My mom just told me that after i turned eight i stopped growing mentally and emotionally
she just asked me to help her create a twitter page for edward cullen's hair.... seriously.
he just invited me over for the 3 p's...pepsi pizza and porn...I'm gonna marry him
We're friends. And when I drunkenly send u a pic of my left testicle i would appreciate a response.
Restaurants Roasting People Who Gave Them Negative Yelp Reviews (25 Pics)
Houston, we have a problem
where are u?
Houston. That's the problem. I don't know how I got here.
she's walking down the hall in a thong and one flip flop and one ugg
Just had the weirdest flashback. Did we buy melon, take it into the restaurant and try to make them give it to us as dessert?
He's basically like a fancy dildo that buys me dinner.
I tried giving you a bj last night and all you could manage was "Haha that tickles" and "in the morning"

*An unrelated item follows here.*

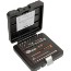 I lackerad och emaljerad stålbox med insats i elastiskt plastmaterial som håller verktygen på plats. Hylsor med Dynamic Drive-profil.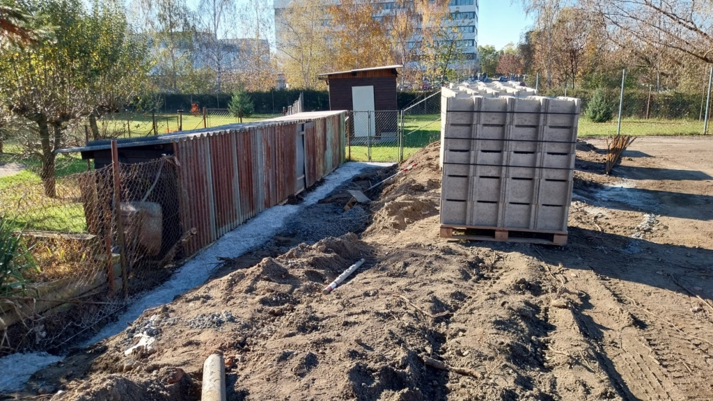 V na přelomu října a listopadu byla postavena opěrná stěna, která v budoucnu umožní vyrovnání celého pozemku do...

Woman Posts Harassing DMs From Creep Online, Now He’s Upset Because People Told His Mom
I feel like we should actually go to church one of these days to thank god for saving us from herpes and babies.
I think ur a lot drunker then u think u are. That girl has the body of a cartoon character and not in a good way.
I'm just gonna stay I'm bed where it is warm and cozy and nobody knows me as the girl that puked on a stripper
We share an apartment, weed and genitals. It's called being practical not in love.
When the theology professor asked me what touched me most about this trip to Rome, I guess "the guy from last night" wasn't the proper response.
I'll start cleaning the house tonight darlin. So you don't have to fuck your two boytoys in the driveway the next two days.